Bir ayı aşkın bir süredir yeni dünya düzenini sindirmeye çalışıyorum. Kafamda deli sorular. Çılgın düşünceler. Geçmişle şu an arasında gidip gelmelerim.
Eğitim yöneticisi olarak sürekli hep bir eksik var, çabalarımla yıllarca boğuşmalarım. Görev aldığım kurumlarda bu konuda çabalarım ve aldığım yanıtlar…
• ÖĞRENCİLERİ TEKNOLOİDEN UZAK TUTALIM.
• BİLGİSAYAR BAŞINDA ZAMAN GEÇİRMELERİNE ENGEL OLALIM.
• ÖĞRENCİ VELİSİYLE (KULLANMAMA KONUSUNDA)İŞ BİRLİĞİ YAPALIM.
• AKILLI TAHTAYA GEREK YOK AKILLI ÖĞRETMEN GEREKLİ.

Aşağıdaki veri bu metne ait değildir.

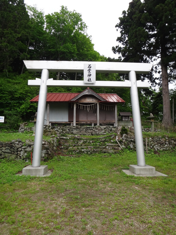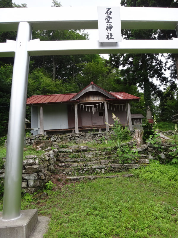 山の中に入ってすぐ、廃屋の脇を通過して行く。 廃屋にはトイレ完備!? ただ丸見えだな…… 登山道はけっこう急な傾斜で、杉の造林帯を登って行く。 しばらく歩き石堂神社に到着。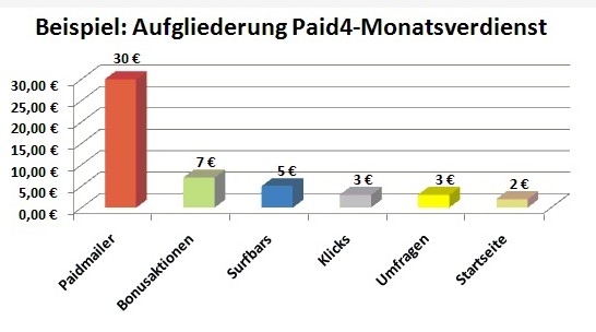 Paid4-Dienste können keinen Hauptverdienst ersetzen, da die Vergütung pro Klick oft unter einem Cent liegt. Als geregeltes Nebeneinkommen sind jedoch für Anfänger bereits zwischen 25 und 50 Euro monatlich möglich, später auch mehr. So kann man sich schon mal ohne großen Aufwand kleine Wünsche erfüllen und finanzielle Engpässe ausgleichen. Eine genaue Anleitung zu Paid4-Diensten mit wertvollen Tipps und dem Nachweis, dass es wirklich funktioniert, gibt es auf adiceltic.de (http://www.adiceltic.de). Hier finden Interessierte auch aktuelle Versandstatistiken von über 50 deutschen Paidmailern, News, Umfragen und Auszahlungsnachweise in Form von Screenshots.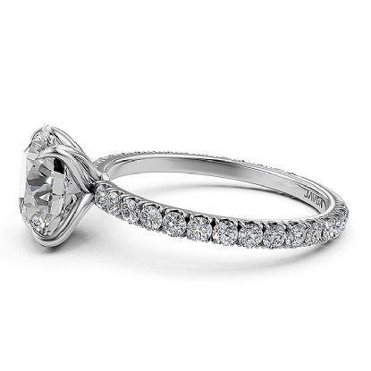 This gorgeous french pave round diamond engagement ring crafted in 14k white gold. Showcases 0.50 carat round diamonds in a french pave setting can be set with center round diamond in a prong setting. Also available in 14k & 18k white gold, yellow gold, rose gold and platinum 950. If you don't find your desired jewelry, please don't hesitate to contact our designer to make your custom jewelry design.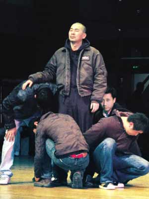 在片場以嚴(yán)厲著稱的尹導(dǎo)在排練場上也不改其作風(fēng),一會兒忙著指揮工作人員在每個確定走位處貼上地標(biāo),給每樣道具的位置做標(biāo)記,一會兒吆喝兩句“精神集中,每一遍都有新要求……”難怪在談到導(dǎo)演時,韓童生毫不諱言:“尹導(dǎo)就像一個幽靈、魔鬼,他的嚴(yán)格帶給我巨大的壓力,每天的排練都很痛苦,在這種窒息的環(huán)境中我們要做到的就是靈魂出竅!碑(dāng)然,在演員表現(xiàn)精彩的時候,尹力也會拿起相機一陣狂拍,并不時要求全場演員鼓掌慶賀;而當(dāng)演員表演達(dá)不到要求時,尹導(dǎo)更是親自做起了示范,其生動的肢體語言不時引起全場的爆笑。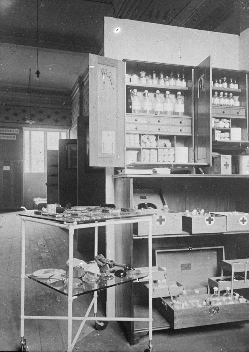Skioptikonbild med motiv från yrkesinspektionens undersökningar på olika arbetsplatser. Medicinskåp.

• ÇOCUKLAR TELEFON KULLANMASINLAR.
• EVE İNTERNET BAĞLATMAYALIM.
• EVE İNTERNET BAĞLATTIGIMIZDA KÜÇÜK PAKET ALALIM.
Bu ifadeler benim eğitim yöneticisi olarak işlediğim suçlara gelen yanıtlar. Aslında öngörememe, aslında bir vizyon sıkıntısı bu. Ne oldu, kahkahalarla gülüyorum çocuklarımıza bilgisayarını dakika ile veren aileler ‘’Hadi bilgisayar başına, online ders başlıyor.’’ diyor. Ne oldu? Okulunda akıllı tahta istediği için sonuna kadar eleştirilen yöneticiye yapılan zulüm ne oldu, teknolojiyi okula sokmam diyen eğitim direktörlerine ne oldu? Teknoloji devlerinin okullarında kara tahta kullanılıyor sözleriyle öngörüleri yüksek eğitim yöneticilerine yapılan eleştirilere ne oldu? İster kabul edin ister etmeyin, çağ gerekliliklerini yerine getirirken, doğayı koruma altına alarak bilimin dilini ortaya koydu.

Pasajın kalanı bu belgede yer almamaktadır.